═══ Exercise data ═══

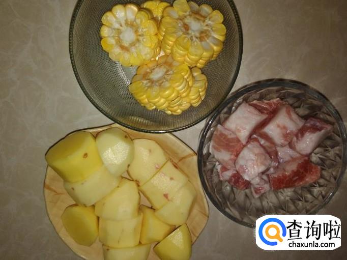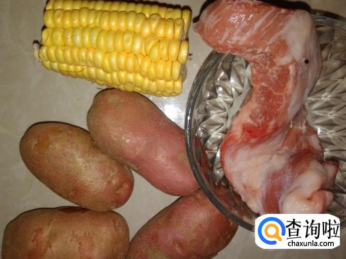 猪肉是用排骨批下来的肉,【这种肉很脆又好吃】土豆、嫩甜玉米准备好。
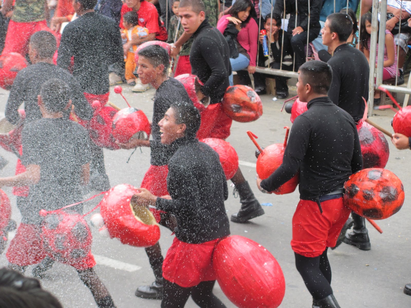 I hadn’t quite got enough dancing and celebrating in so I attended Cochabamba’s carnival parade celebration just a few days later. I went with kids from the youth group at San Carlos and it was a good day, but I got TOTALLY soaked with water walking back to my bench in the stands. They asked me if I’d fallen in the river...it was bad. The “Corso de Corsos” as they call it here in Cochabamba is much less organized and slower than the Carnival procession in Oruro, but I still had a good time. There were also less traditional dances and costumes which the military groups presented.
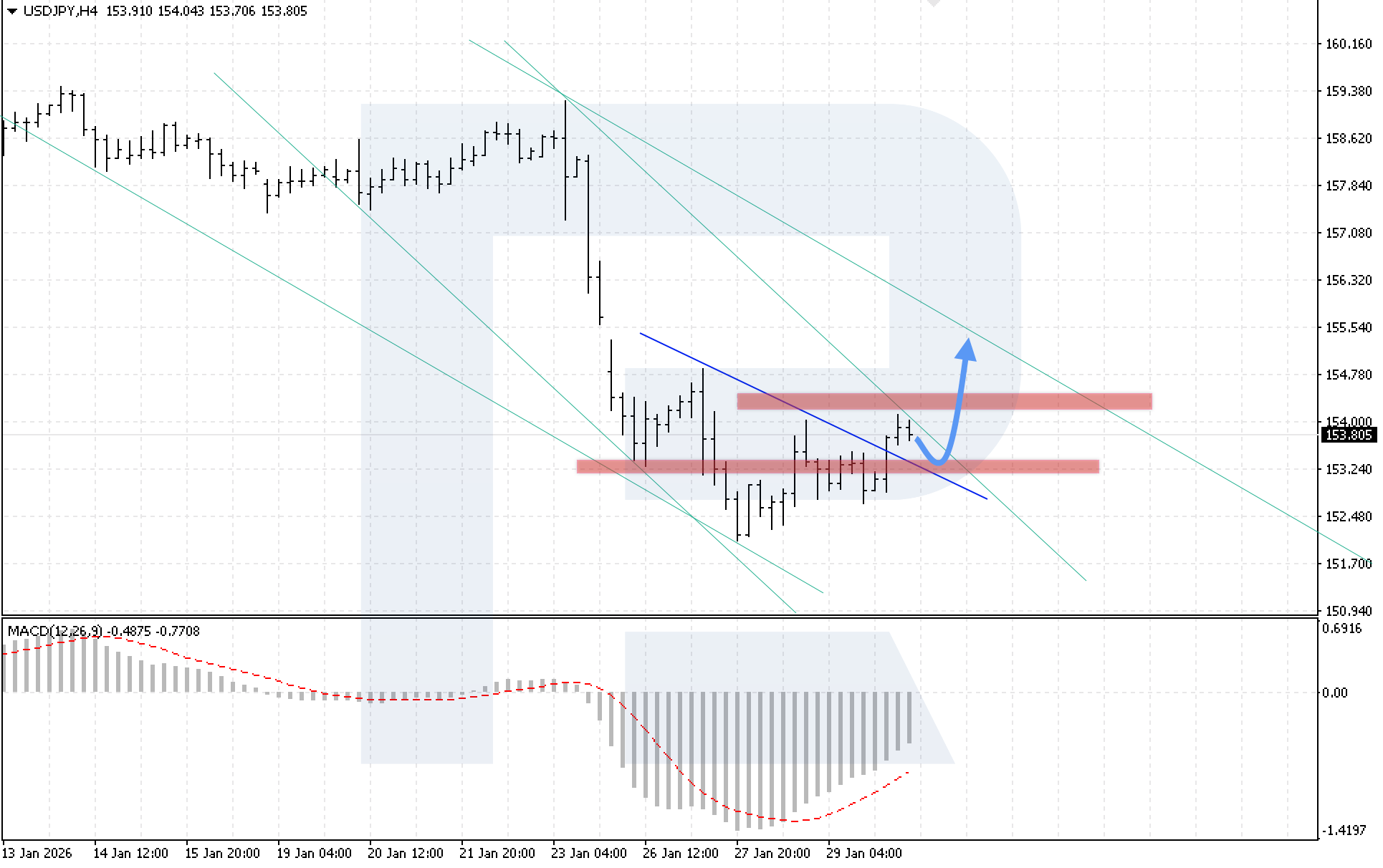 บนกราฟ H4 ของคู่สกุลเงิน USDJPY ตลาดยังคงปรับตัวขึ้นต่อเนื่องหลังจากทะลุขอบบนของรูปแบบกลับตัว Head and Shoulders โดยฝั่งผู้ซื้อเริ่มเผชิญแรงต้านที่ขอบบนของช่องขาลง แนวรับใกล้ที่สุดอยู่ที่ระดับ 153.25 วันนี้ 30 มกราคม 2026 โมเมนตัมฝั่งขาขึ้นอาจพัฒนาต่อไป โดยมีเป้าหมายที่ระดับ 155.45 ซึ่งเป็นส่วนหนึ่งของการสิ้นสุดรูปแบบกลับตัวดังกล่าว

═══

• _What you should do_: Quote exactly the lines from the line that contains "I hadn’t quite" through the last line of the listing, please, leaving out all pictures.

• _Reply_:
 I hadn’t quite got enough dancing and celebrating in so I attended Cochabamba’s carnival parade celebration just a few days later. I went with kids from the youth group at San Carlos and it was a good day, but I got TOTALLY soaked with water walking back to my bench in the stands. They asked me if I’d fallen in the river...it was bad. The “Corso de Corsos” as they call it here in Cochabamba is much less organized and slower than the Carnival procession in Oruro, but I still had a good time. There were also less traditional dances and costumes which the military groups presented.
 บนกราฟ H4 ของคู่สกุลเงิน USDJPY ตลาดยังคงปรับตัวขึ้นต่อเนื่องหลังจากทะลุขอบบนของรูปแบบกลับตัว Head and Shoulders โดยฝั่งผู้ซื้อเริ่มเผชิญแรงต้านที่ขอบบนของช่องขาลง แนวรับใกล้ที่สุดอยู่ที่ระดับ 153.25 วันนี้ 30 มกราคม 2026 โมเมนตัมฝั่งขาขึ้นอาจพัฒนาต่อไป โดยมีเป้าหมายที่ระดับ 155.45 ซึ่งเป็นส่วนหนึ่งของการสิ้นสุดรูปแบบกลับตัวดังกล่าว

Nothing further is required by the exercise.